Automate subtitle offsets with voice to text



So we all have had these subs that are off by a few seconds or start to slowly drift due to different frame rates or pauses in the media files. Especially the subtitles that will need adjustment multiple times during viewing are super annoying.

My idea is to utilize some public library that can generate text from audio. I don't propose to generate subtitles on the fly as this would need Siri/Cortana grade speech recognition and then there's the subtitle presentation/timing esthetics.
What I do propose is to generate OK translations from speech that are somewhat accurate. These results could be matched with subtitles present in plex to find common patterns and ultimately determine an offset.

I have rough ideas about how to implement the above, I can share those at a later point if anyone is interested.
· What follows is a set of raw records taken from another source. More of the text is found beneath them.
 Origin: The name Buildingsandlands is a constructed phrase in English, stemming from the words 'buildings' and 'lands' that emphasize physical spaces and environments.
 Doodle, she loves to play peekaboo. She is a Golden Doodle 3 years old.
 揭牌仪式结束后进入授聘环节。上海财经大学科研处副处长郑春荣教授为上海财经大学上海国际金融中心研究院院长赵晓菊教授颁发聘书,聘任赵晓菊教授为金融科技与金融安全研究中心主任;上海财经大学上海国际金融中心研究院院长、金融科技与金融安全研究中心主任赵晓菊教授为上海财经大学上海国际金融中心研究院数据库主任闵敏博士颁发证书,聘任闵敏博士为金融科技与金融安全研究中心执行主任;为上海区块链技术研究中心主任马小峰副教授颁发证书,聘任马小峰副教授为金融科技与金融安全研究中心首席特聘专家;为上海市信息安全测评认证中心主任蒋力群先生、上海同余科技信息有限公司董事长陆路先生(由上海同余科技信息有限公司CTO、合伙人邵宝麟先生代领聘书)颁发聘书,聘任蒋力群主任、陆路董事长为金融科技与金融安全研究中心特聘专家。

What I am unclear about is how plex exactly handles subtitles. I know transcoding will burn them in, so this would be the easiest case as everything happens serverside. But how about direct streams? Are the subtitles transmitted completely or is it streamed in chunks? For the former it would mean that the server would need to update the client with (new) offsets while for the latter I can simply adjust future chunks.
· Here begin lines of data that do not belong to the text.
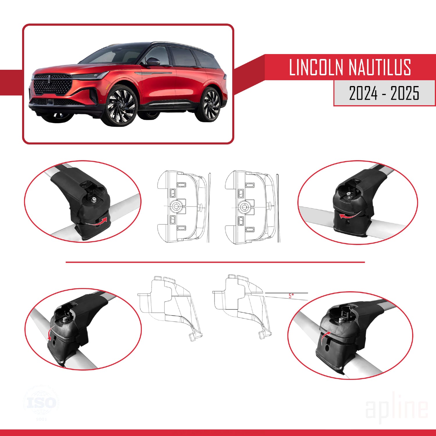 Compatible avec Lincoln Nautilus 2024-2025 ACE-2 Barres de Toit Railing Porte-Bagages de Voiture Gris Aluminium 2 Barres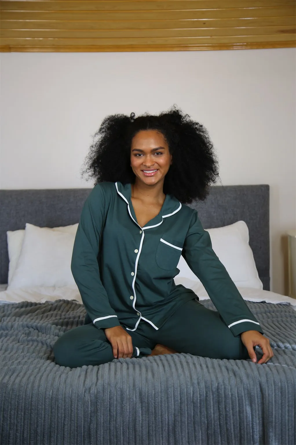 طقم بيجاما نسائي من قماش المخمل بأكمام طويلة وخصر مطاطي، مصنوع من قماش ناعم ودافئ يمنح إحساسًا بالراحة والدفء طوال الليل. تصميمه المريح والأنيق مثالي للاستخدام المنزلي اليومي وليالي المواسم الباردة.
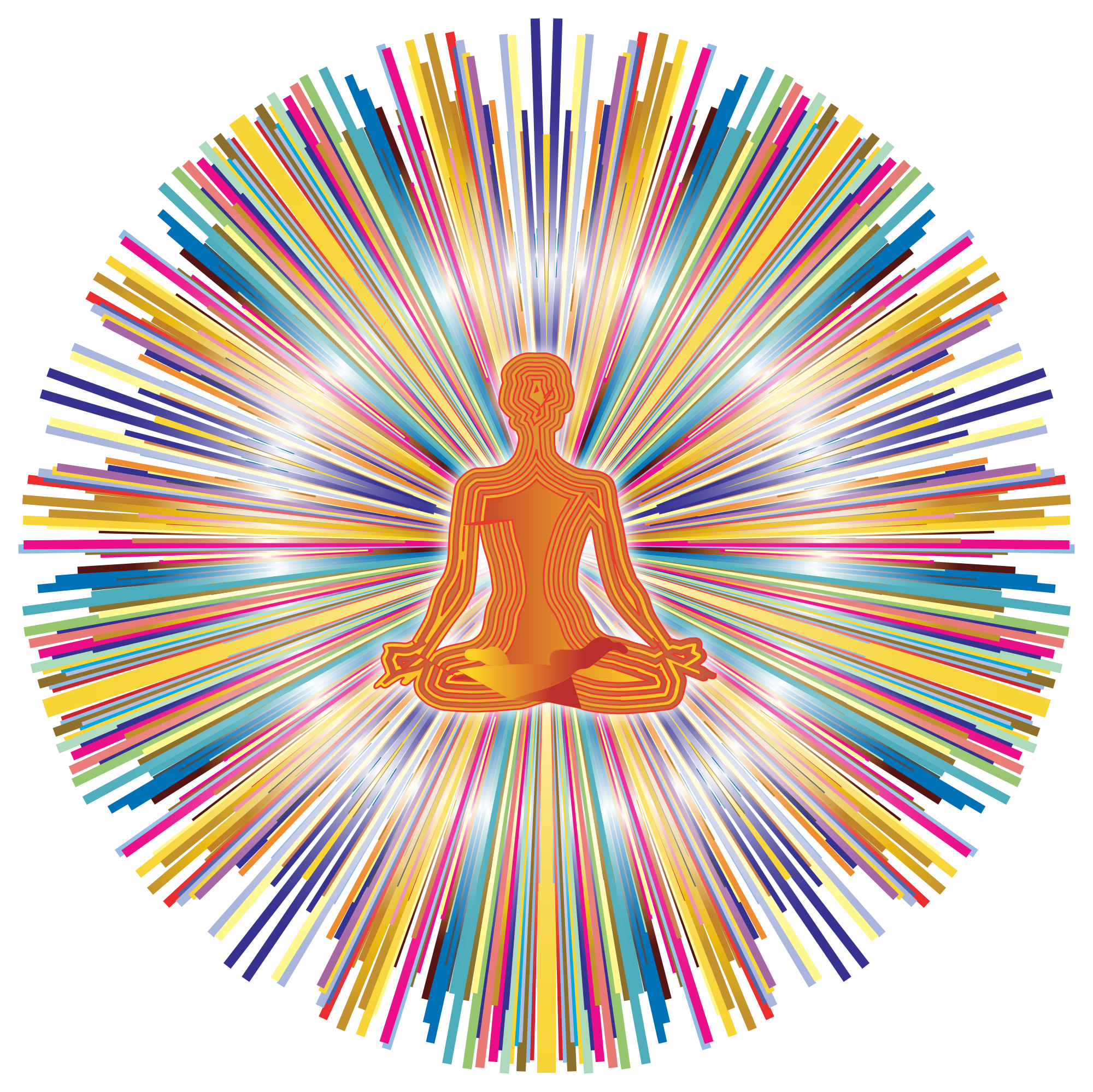 The universal mind bursting forth with rays of rainbow energy from a person deep in mediation

In any case, my idea is to have the server determine offsets and not push this logic client side. Ideally this needs to be an implement once use everywhere kind of solution.
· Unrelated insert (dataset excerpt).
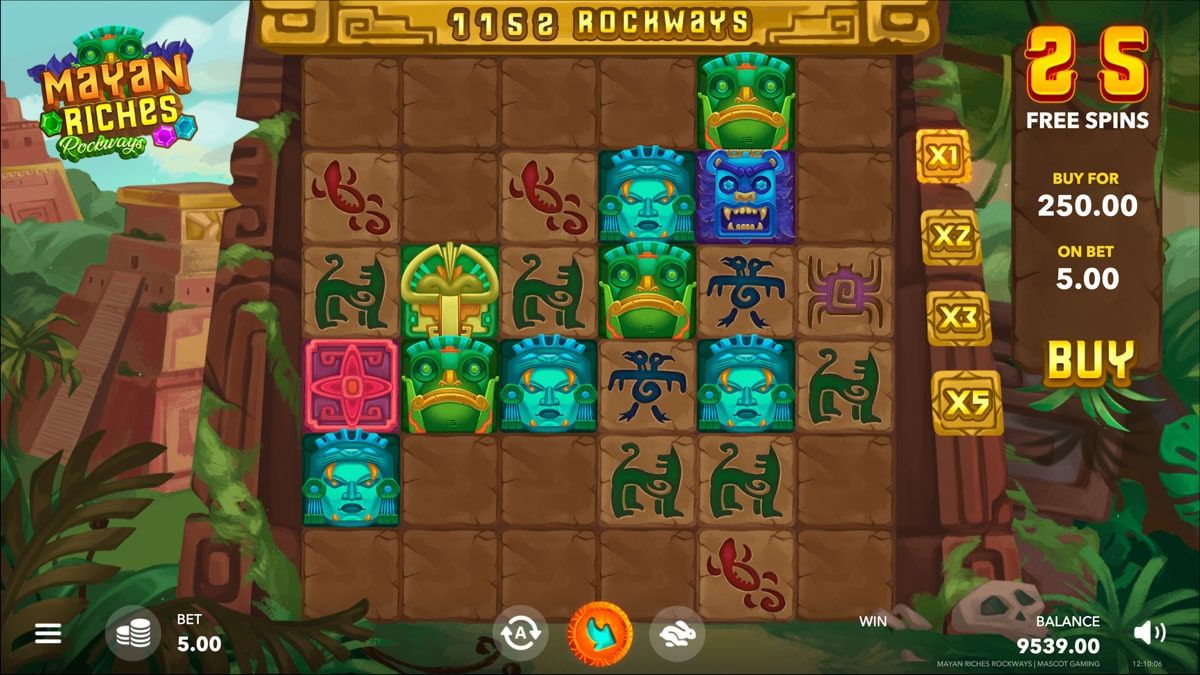 As a prominent casino slot developer, we designed "Mayan Riches" to offer players a thrilling experience with its Rockways feature. Each reel varies in height with every spin, ranging from 2 to 6 symbols. This setup can span from 64 to 46,656 payways. Notably, the game unfolds on a 6x6 grid, making the Rockfall feature and Rockfall Multiplier especially engaging. Brightly colored symbols and a great soundtrack add to its charm.

But are we even able to build something like this into plex? I'm not familiar with the API or other exposed parts. I only know that the actual server is closed source. I don't think the above could be managed with metadata plugins.

So what would be the options here? The key point would be (just to summarize) to determine offsets continuously for media during playback. I'm not interested in only client side solutions as they are limited in audience and likely not future proof.

Would love to hear your thoughts on this!


Doubtful, IMHO

In Python, you would have to isolate the audio stream, then walk through that, and feed that to a for me yet unknown solution, that can translate audio to text for every language supported by Plex.

If above exists, we also would have to extract relevant timestamps.

And determining the language spoken, is a nightmare I simply can't imagine how to solve.

So not to be negative here, cuz a great idea, but sadly think technology simply isn't there yet




Let's assume we limit this to English language only for now.

Can you give any comment on the options for interfacing with plex server? Can we develop tooling that will hook to a viewing session and will piggyback on the open connection (ie can we add additional data in the stream on the fly?)


Regarding your remarks on the technical feasibility, there are some decent python libraries out there for offline voice recognition. We only need a mediocre performing algorithm and can apply heuristics from there to eventually determine an offset with reasonable confidence.

I'm not saying I have this all worked out and there's a more than real chance it won't work well at all, but someone has to give this a try right?


If I was given the option to choose how my PlexPass subscription is spent. Better subtitle integration would be on the top of my list. The way that the plex team chose to implement subtitles only took into account very specific use cases. The rest of us were forgotten =(